IBM DB2®, Microsoft SQL Server, and Oracle all use locks to control jobs that are running concurrently. This article describes what they do, how they differ, and where the problems are. I will cover all the features essential for understanding locking with these three DBMSs. Nonessential features are ignored; instead I will concentrate on automatic row-level locks, under default or common conditions.
A lock is really a temporary record that identifies an item, the transaction using the item, and what the transaction has done or will do to the item (such as reading or writing). The following chart shows how the DBMSs store locks:
IBM | About 250 bytes | Volatile memory |
Microsoft | About 100 bytes | Volatile memory |
Oracle | About 40 bytes | Database page |
The “Location Of Lock Record” column shows an important distinction: DB2 and SQL Server store lock information in a volatile place outside the database (usually RAM or virtual memory), while Oracle keeps an “Interested Transaction List” on the same page in which it stores the row. (Of course this is a simplification; links to details are supplied at the end of this article.)
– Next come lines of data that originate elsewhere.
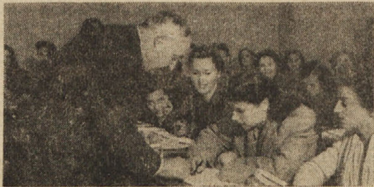
KROJNI UCITELJ MED UCENKAMI V STROKOVNEM KROJNEM TEČAJU PRI SV. ANI

Na svidenje ob zaključku tečaja ali pa še prej! Dotlej pa je marljivo in pridno naprej! Zadovoljno si
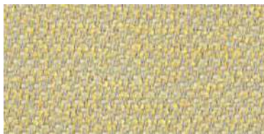
nina | 1118
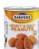
Honey & Salt Peanuts ハニーソルトピーナッツ

規格 60g×24 商品CD 1325518 POS 8423371 000530 ITF なし 原産国 スペイン 賞味期限 製造日より4年 箱サイズ 220mm×340mm×70mm(2.2kg) 商品サイズ 55mm×55mm×65mm(93g) 参考上代 250円(税別)
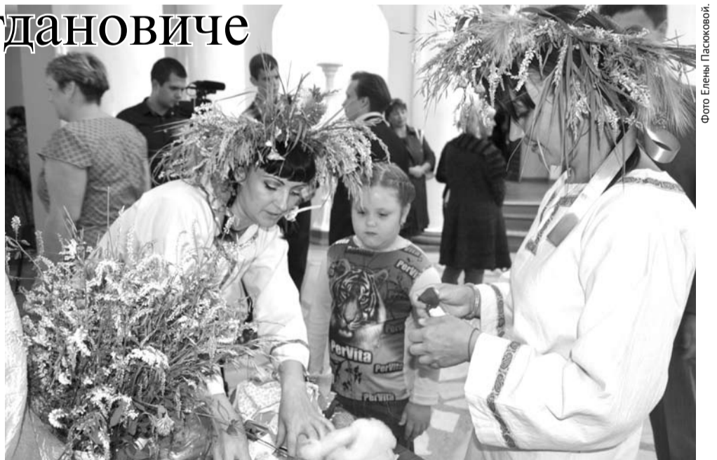
На фестивале проходили различные мастер-классы, в том числе и по плетению кукол.

Участники фестиваля выступали в номинациях «Кадриль», «Частушка», «Народные игры» и других. На сцене происходило нечто невероятное: зажигательная кадриль сменялась озорными частушками, те, в свою очередь, уступали место народным играм. Артисты показали, что русские народные гуляния с песнями и плясками не могут никого оставить равнодушным.
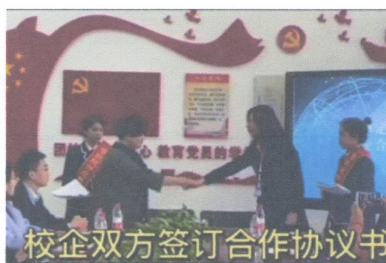
校企双方签订合作协议书
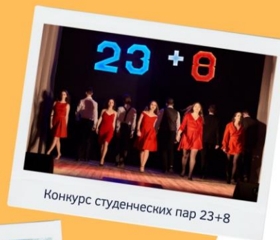
Конкурс студенческих пар 23+8
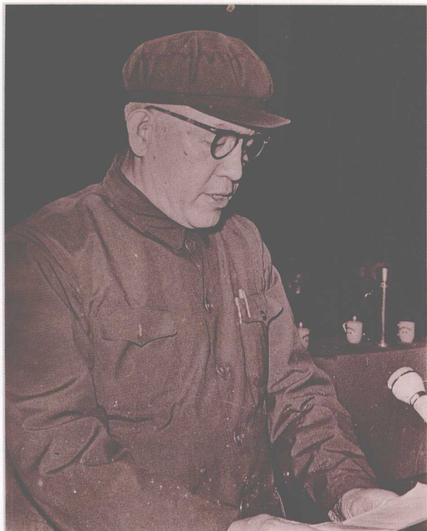
1978年7月12日至26日,省高院召开第19次全省司法工作会议,传达贯彻第八次全国司法会议精神。图为叶谷霖院长在会议上讲话。
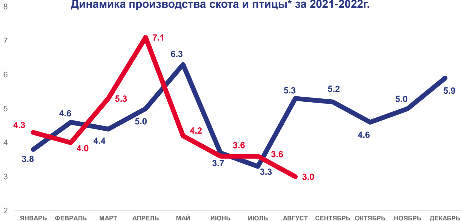
Динамика производства скота и птицы* за 2021-2022г.
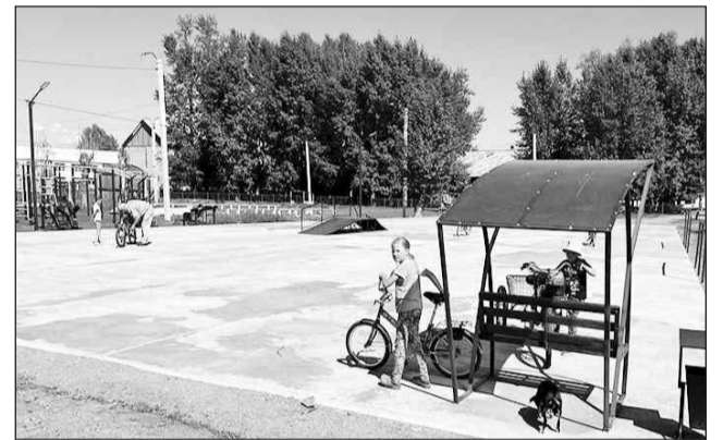
Роллердром в п. Молодежный
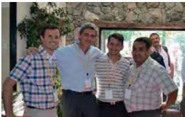
Felices, un grupo de pastores de la AAC disfruta del congreso.

Femenina del Área Ministerial y Ministerio de la Mujer.
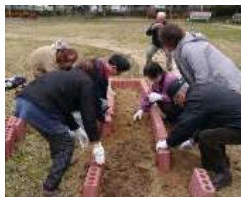
ふれあい花壇設置の様子

寄りには憩いの場、子どもたちには安心して遊んでもらえるような公園づくりをめざし、地域の皆さんと力を合わせ清掃活動などに励んでいます」と笑顔で語られました。
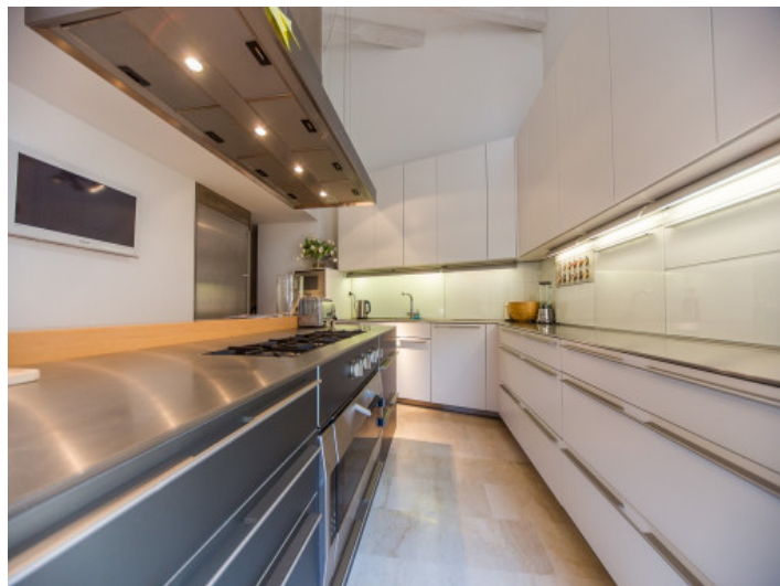
Cocina completamente equipada

Toda la información como mejor se puede saber, salvo por error durante el periodo de venta. Sirva este documento como un informe previo, las bases legales solo serán validas a traves de un contrato de compra acordado ante Notario.
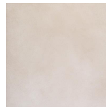
Evolution Beige 60x60
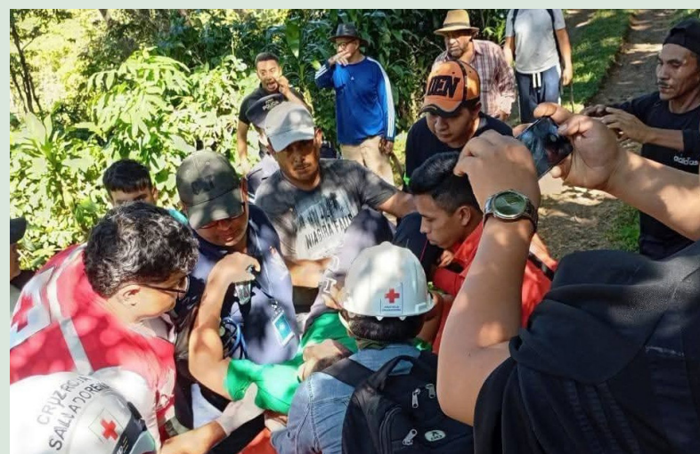
El menor de edad fue estabilizado por socorristas de Cruz Roja Salvadoreña y posteriormente trasladado a un centro asistencial.

Como parte del operativo, se desplegó apoyo aéreo que sobre-
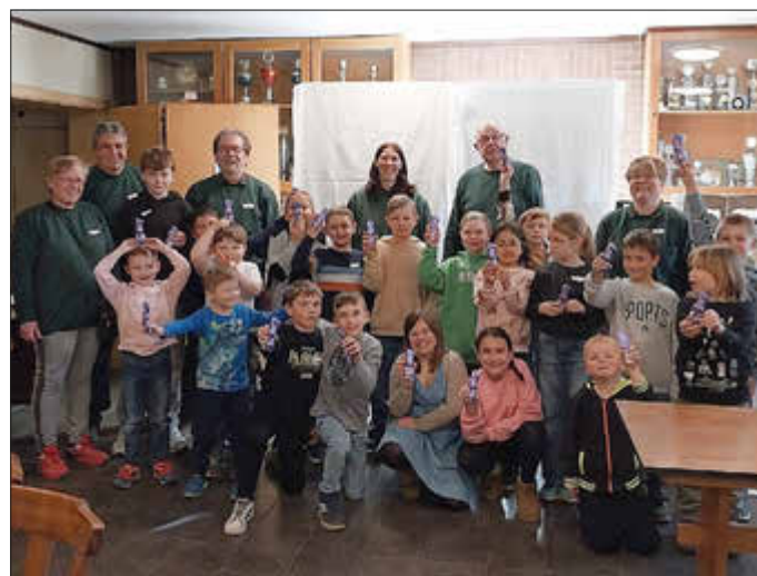
Gruppenfoto der Teilnehmer
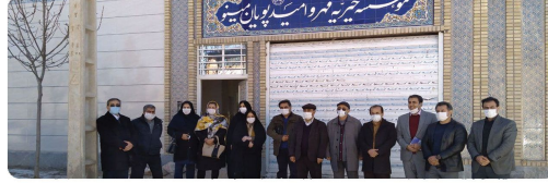
بازدید اعضای شورای اسلامی شهر بجنورد همراه شهردار بجنورد از پروژه توسعه خیریه مهر و امید یونان مینو شهر بجنورد
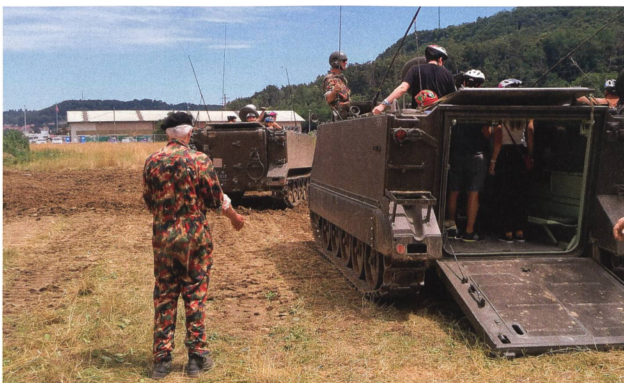
Dank 135 Helfer im Einsatz konnten auch Rundfahrten angeboten werden.

Das Panzerweekend Full und der dahinterstehende Museumsverein hat das Anliegen, die Vergangenheit greifbar und erlebbar zu machen. Umso wichtiger ist es, die Gegenwart nicht ausser Acht zu lassen. +

The DB2/SQL SERVER method of storage is better because:
- It is silly to reserve space in database pages, which are by definition persistent, for data about locks, which are by definition transient.
- It is easy to change information such as “lock type” as the transaction progresses, if it’s in memory. For example, IBM has noted that Oracle can run out of space in a page to store lock data, and that Oracle stores less information about lock type.
The ORACLE method of storage is better because:
- As soon as you access the row’s page, the data about locks is available. DB2 and SQL Server must dynamically maintain a separate storage array, with consequent overhead: more space for pointers, more time to search. Besides, Oracle doesn’t need to distinguish between lock types, because its multi-versioning makes the distinction irrelevant — more on that in the next section.
Lock Types
The three lock types are: Shared (S), Update (U), and Exclusive (X).
FIRST TERMINOLOGY WARNING: IBM sometimes uses the term “Share Lock” but “Shared Lock” is correct.
A transaction typically gets a Shared Lock when it is about to read. If Transaction #1 has a Shared Lock on Row #1, then:
- Transaction #2 can read Row #1 (it is not blocked).
- Transaction #2 can declare an intent to update — that is, it can get an Update lock on Row #1.
- Transaction #2 cannot write Row #1. It is blocked, which means it must wait until Transaction #1 releases the lock.
A transaction typically gets an Update Lock when it is about to read in preparation for a write, as in a data-change statement or as signaled by a query’s FOR UPDATE clause. If Transaction #1 has an Update Lock on Row #1, then:
- Transaction #2 can read Row #1.
- Transaction #2 cannot get an Update Lock on Row #1.
- Transaction #2 cannot write Row #1.
SECOND TERMINOLOGY WARNING: Oracle uses the terms “Shared” and “Exclusive” to describe what the rest of the world calls “Update” locks.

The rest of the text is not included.